Key MoversThe USD/CAD had a tranquil day in yesterday’s session. It traded in a narrow range of 45 pips from 1.3338 to 1.3383, with the key piece of information being the new housing price index month to month and year to year, which came in with no surprise at 0 percent and 0.1 percent respectively. For next week, the most critical information releases will be the consumer price index on Wednesday and the gross domestic product on Friday. A higher increase in the Canadian CPI number compared with its main counterpart, the US CPI, would influence a stronger Loonie and vice-versa. Last Wednesday, the American CPI (YoY) came in at 2.2 percent, which was the same as expected. For the Canadian economy, the previous CPI YoY came in at 2.4 percent (a month ago); however, the forecast is 2.2 percent for this Wednesday, which is the same as the US CPI. Fundamentally speaking, it would be interesting to see a surprise in the CPI in Canada this Wednesday because it would give us a better idea of where the USD/CAD is going. This morning, the USD/CAD is trading at 1.3375, after going higher in overnight session and touching a high at the 1.3400 handle. There is no economic data today.
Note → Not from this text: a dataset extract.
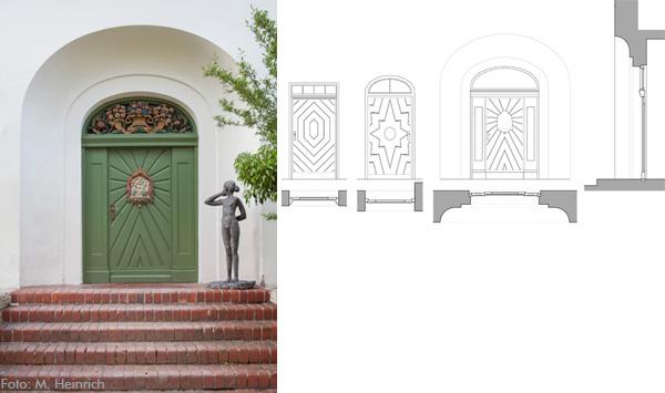Die denkmalgeschützten Außentüren wurden generell renoviert und wieder eingestellt. Als Maßnahme zur energetischen Optimierung ist in den Stockrahmen der Oberlichter und in den Türrahmen eine Nut zur Aufnahme einer Schlauchdichtung eingefräst worden. Darüber hinaus ist von unten in die Türblätter eine Absenkdichtung eigesetzt worden. Der Einbau der Dichtungen wirkt sich positiv auf die Reduzierung von Wärmeverlusten aus.

It’s been a painful 24 hours for the Euro with soft rhetoric from European Central Bank Chief Mario Draghi yesterday being followed by weak data from the bloc in the overnight session. The latest ECB interest rate decision saw no change in policy re: interest rates, which was as expected. We also saw confirmation of the end of its Quantitative Easing program this month, which had also been expected by the markets. The main area of focus was the press conference which saw a dovish tone cut by Draghi, where he highlighted a slowdown in output from the bloc and changed his language re: risks from being “broadly balanced” to being “tilted to the downside.” EUR/USD is falling 0.70 percent to 1.1275. Extra downward pressure has been exerted with both French Manufacturing and the Services PMI dropping below 50 for the first time since Sept 2016 and June 2016, respectively. The services figure was particularly eye-catching as the 49.6 shown was expected to be 54.8, a huge miss.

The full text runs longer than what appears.